→ **WORK TASK**
Reproduce word for word every line from the one containing "έως το βράδυ." to the final line of the data below; omit the pictures.

→ **DATA**
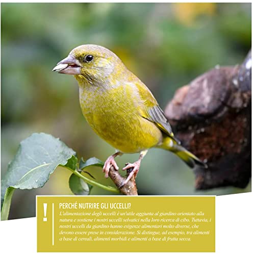Alimentazione Varia: La casetta mangime uccelli selvatici è composta da 3 colonne e 2 ciotoline, in cui puoi inserire diversi tipi di mangime. Riceverai anche una guida scritta da esperti, con consigli per un'alimentazione equilibrata e nutriente
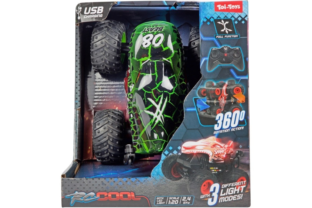 Divertente e resistente RC monster truck 1:20 per bambini dai 3 anni, offre marcia avanti/indietro, sinistra/destra e una speciale funzione di rotazione. L'auto ha una batteria ricaricabile via USB (inclusa), il radiocomando funziona con 2× AA (non incluse). Ideale per il gioco in casa e all'aperto, con ruote robuste e struttura in plastica per una lunga durata.
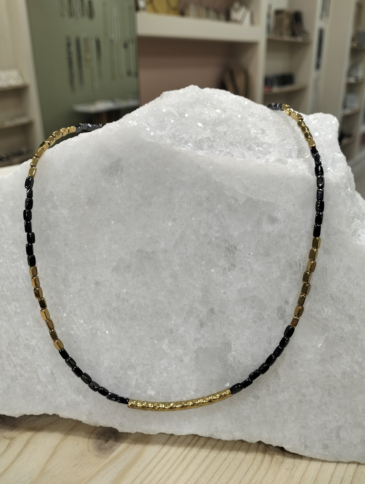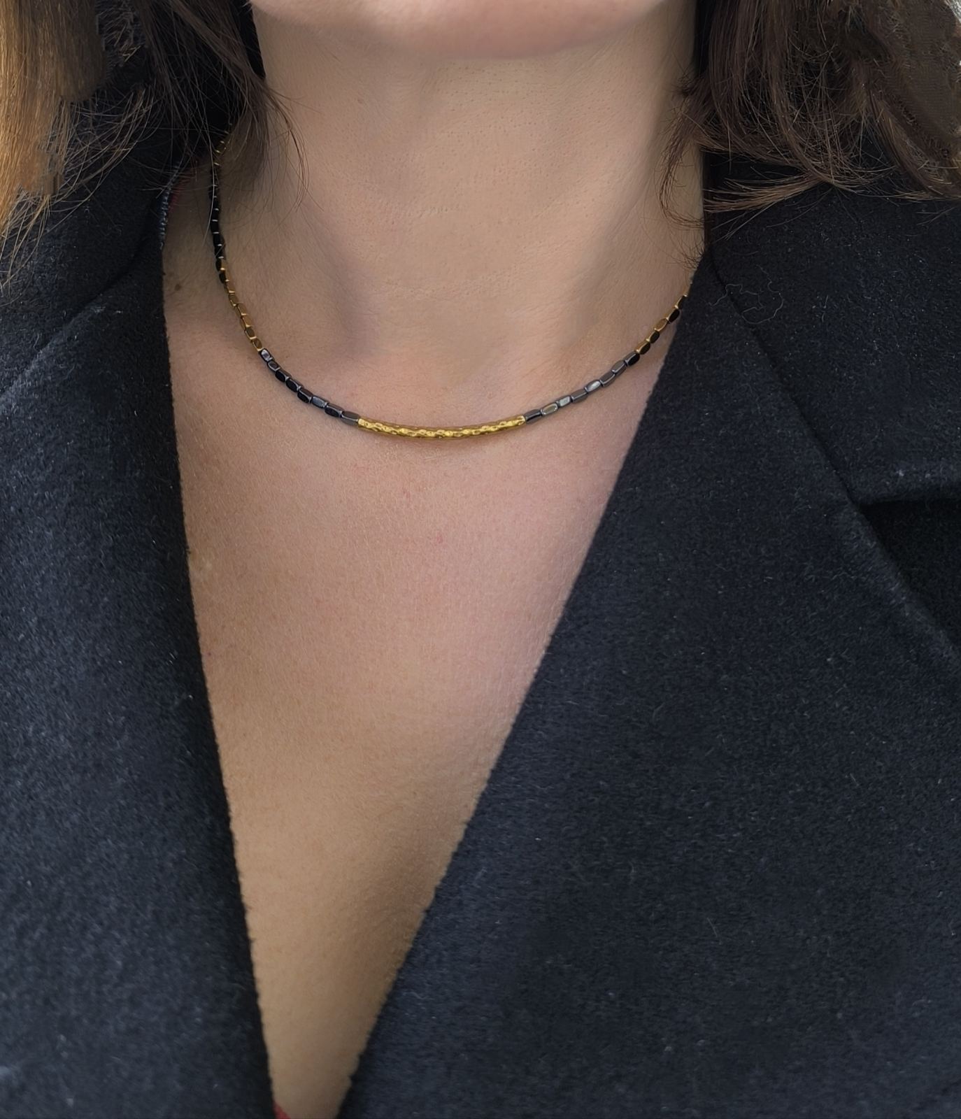 Το κολιέ “Aurum Noir” συνδυάζει τη διαχρονική κομψότητα του χρυσού με τη δυναμική αισθητική του μαύρου αιματίτη, δημιουργώντας ένα κόσμημα που φοριέται εύκολα από το πρωί έως το βράδυ.
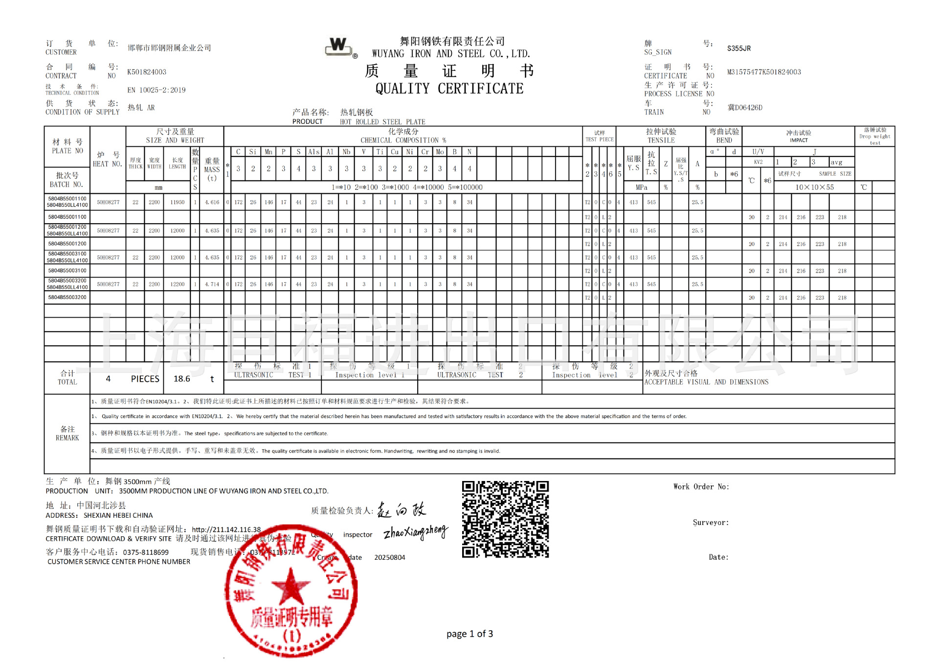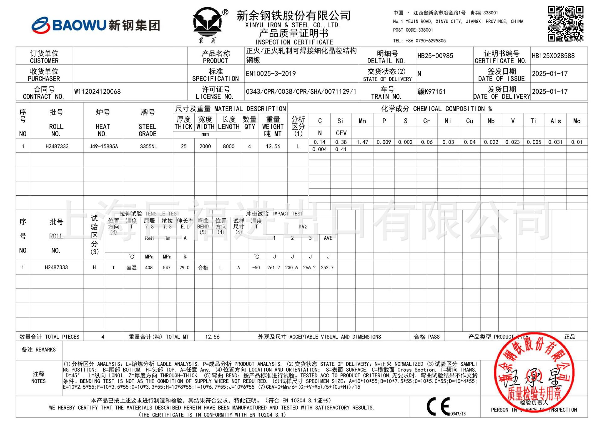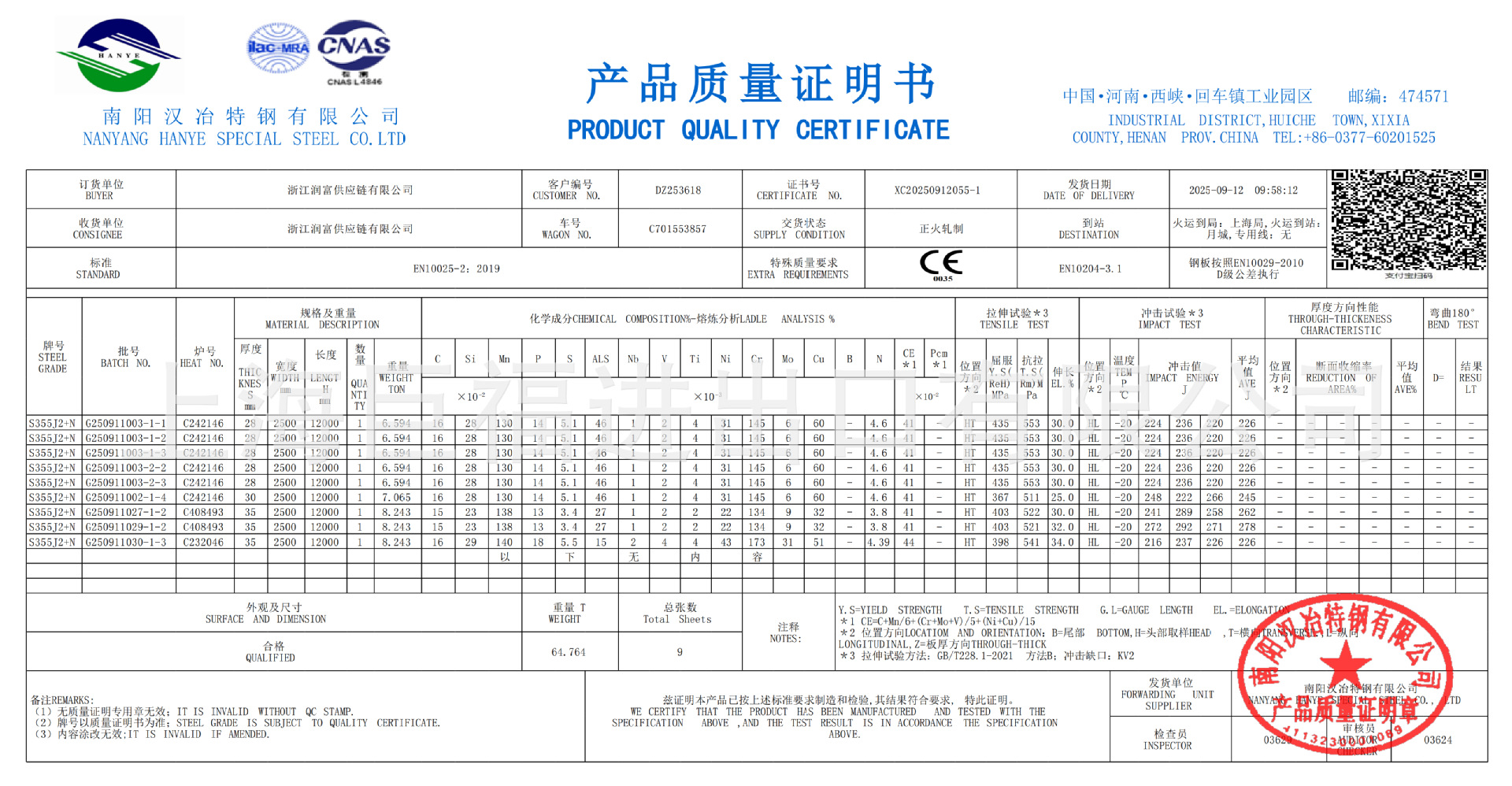 Эта стальная плита европейского стандарта S355J2+N доступна в размерах 38*2500*12000 и других спецификациях с сертификатом 3.1 CE

→ **EXPECTED ANSWER**
 Το κολιέ “Aurum Noir” συνδυάζει τη διαχρονική κομψότητα του χρυσού με τη δυναμική αισθητική του μαύρου αιματίτη, δημιουργώντας ένα κόσμημα που φοριέται εύκολα από το πρωί έως το βράδυ.
 Эта стальная плита европейского стандарта S355J2+N доступна в размерах 38*2500*12000 и других спецификациях с сертификатом 3.1 CE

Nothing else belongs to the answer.